> **SOURCE INFORMATION**
○ ○ ○ ○ ○
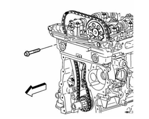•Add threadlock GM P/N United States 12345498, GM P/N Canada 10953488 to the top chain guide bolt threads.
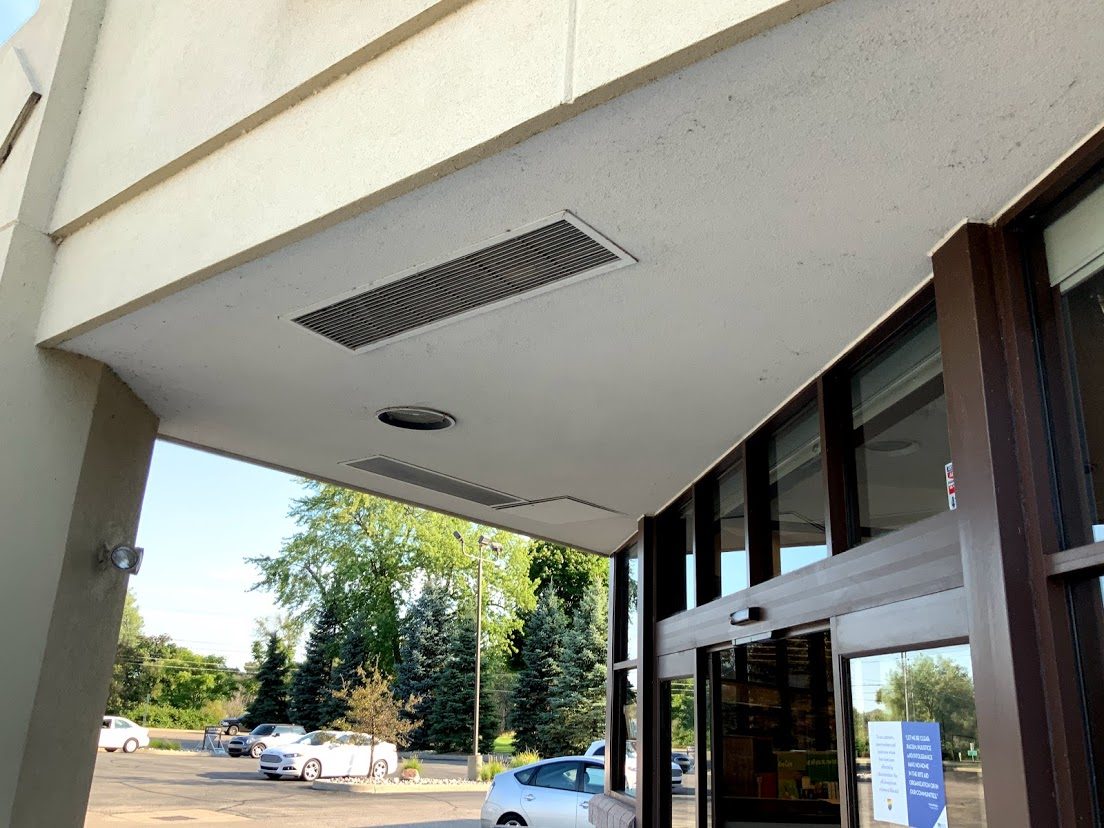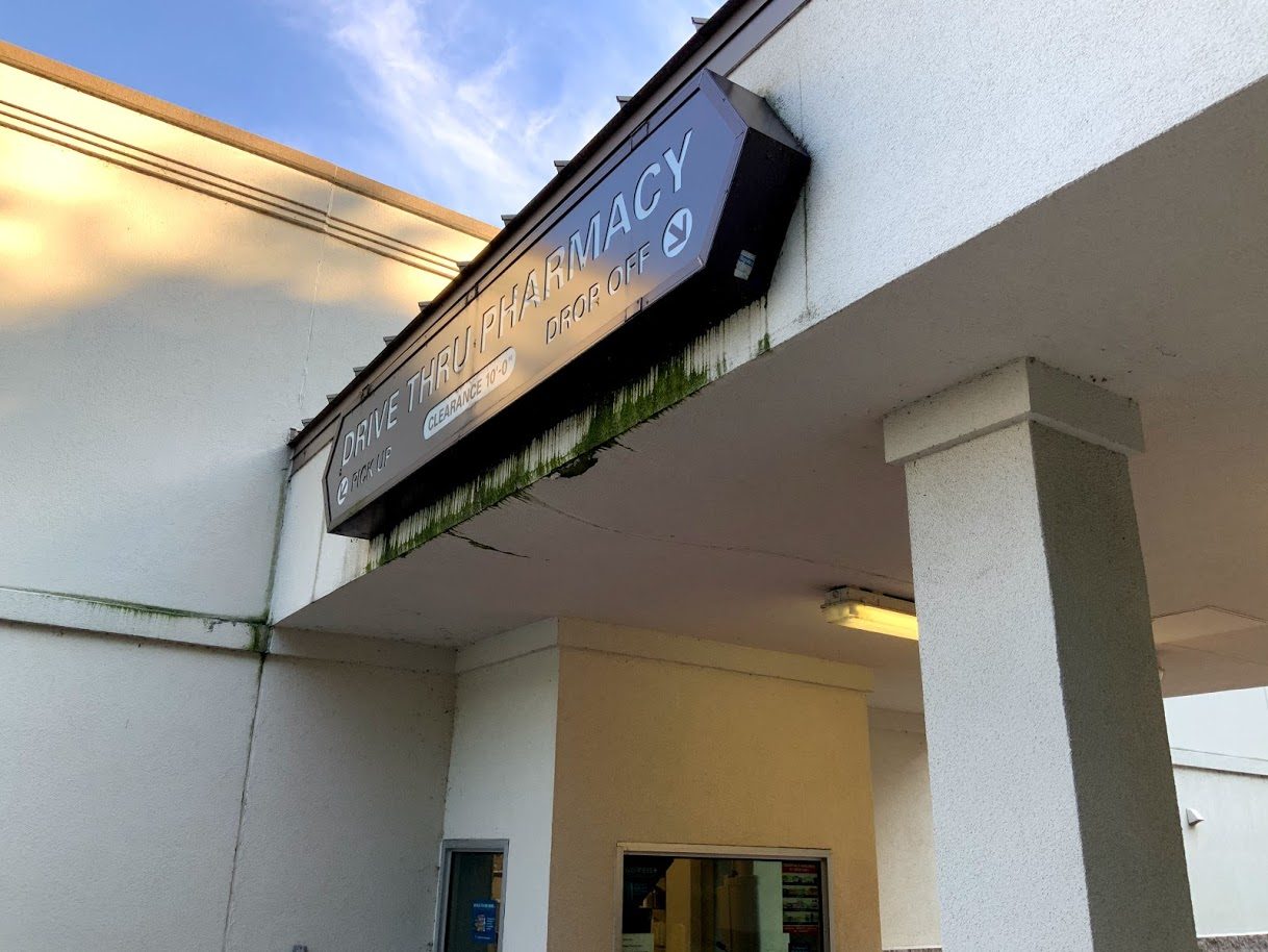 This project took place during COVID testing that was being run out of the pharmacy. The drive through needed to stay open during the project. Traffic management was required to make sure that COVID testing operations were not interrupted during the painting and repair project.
○ ○ ○ ○ ○
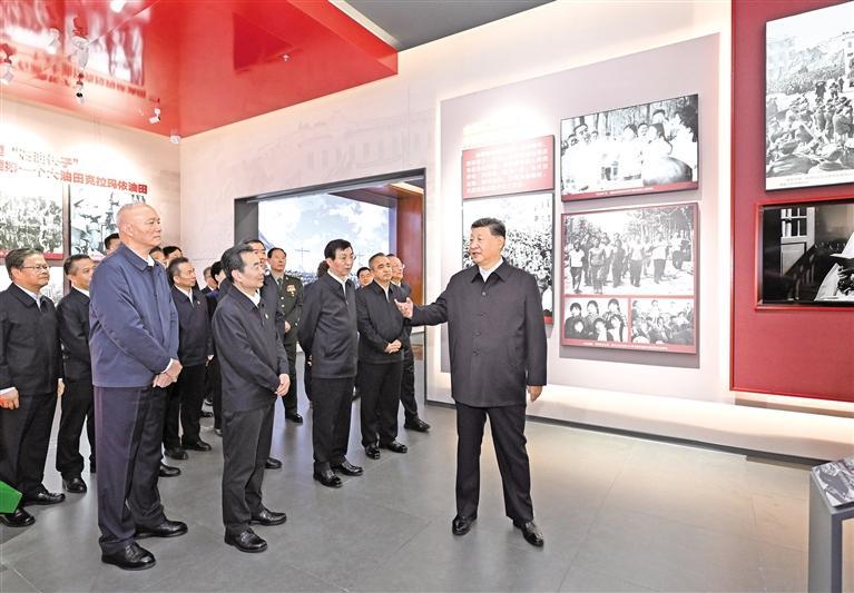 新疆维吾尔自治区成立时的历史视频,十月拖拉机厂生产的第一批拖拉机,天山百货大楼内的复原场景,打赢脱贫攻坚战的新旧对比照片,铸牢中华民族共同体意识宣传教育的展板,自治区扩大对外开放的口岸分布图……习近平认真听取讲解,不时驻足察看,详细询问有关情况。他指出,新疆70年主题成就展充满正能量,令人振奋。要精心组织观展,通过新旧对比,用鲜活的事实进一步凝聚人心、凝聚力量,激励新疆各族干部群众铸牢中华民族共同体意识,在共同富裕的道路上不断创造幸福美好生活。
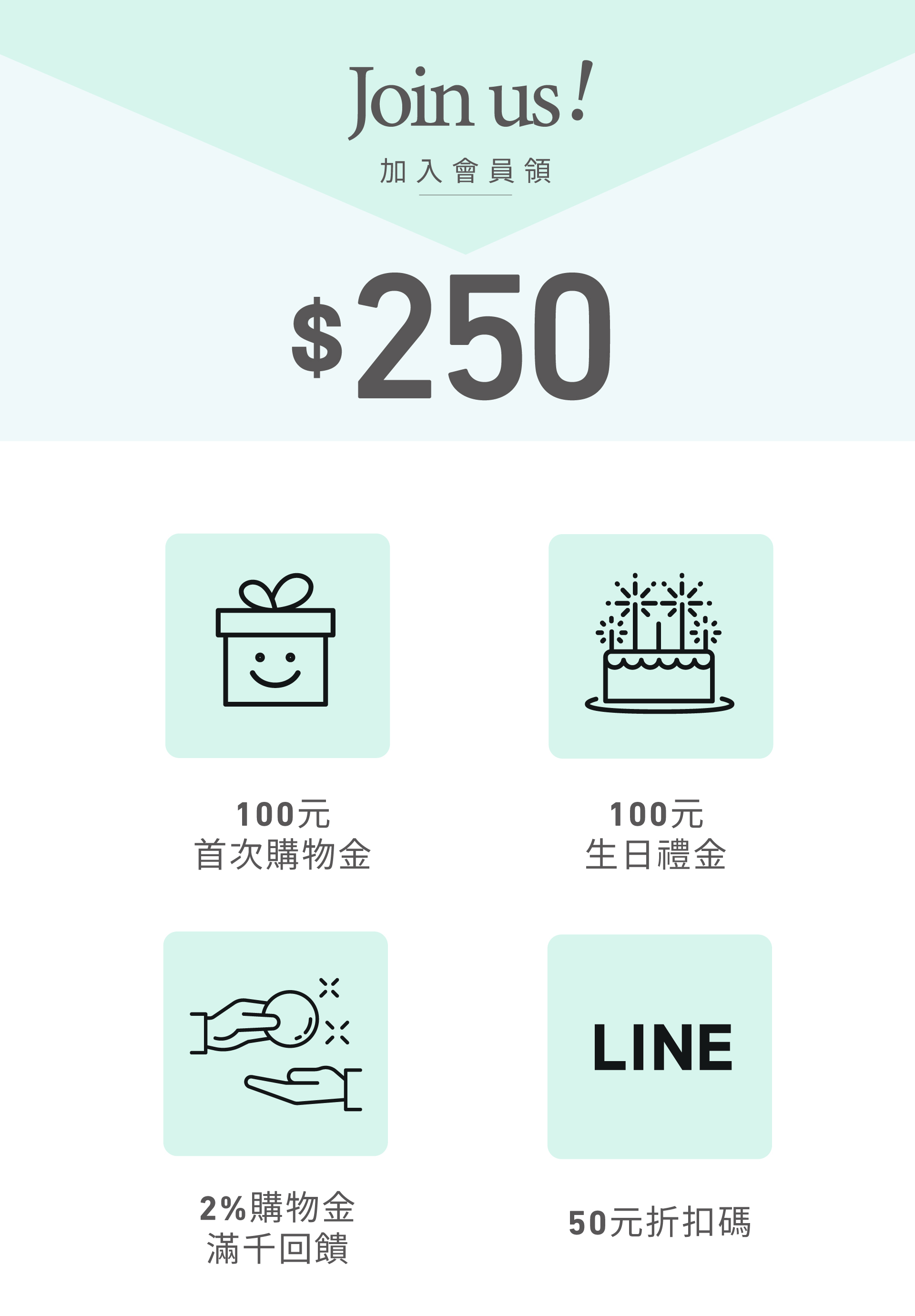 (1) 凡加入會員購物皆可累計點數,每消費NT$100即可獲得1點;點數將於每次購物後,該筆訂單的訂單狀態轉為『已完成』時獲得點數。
○ ○ ○ ○ ○
Output exactly, and only, the lines of the entries above from the one with "新疆维吾尔自治区成立时的历史" up to and including the one with "(1) 凡加入會員購物皆可累"; pictures are to be left out.

> **SOLUTION TO THE PROBLEM**
 新疆维吾尔自治区成立时的历史视频,十月拖拉机厂生产的第一批拖拉机,天山百货大楼内的复原场景,打赢脱贫攻坚战的新旧对比照片,铸牢中华民族共同体意识宣传教育的展板,自治区扩大对外开放的口岸分布图……习近平认真听取讲解,不时驻足察看,详细询问有关情况。他指出,新疆70年主题成就展充满正能量,令人振奋。要精心组织观展,通过新旧对比,用鲜活的事实进一步凝聚人心、凝聚力量,激励新疆各族干部群众铸牢中华民族共同体意识,在共同富裕的道路上不断创造幸福美好生活。
 (1) 凡加入會員購物皆可累計點數,每消費NT$100即可獲得1點;點數將於每次購物後,該筆訂單的訂單狀態轉為『已完成』時獲得點數。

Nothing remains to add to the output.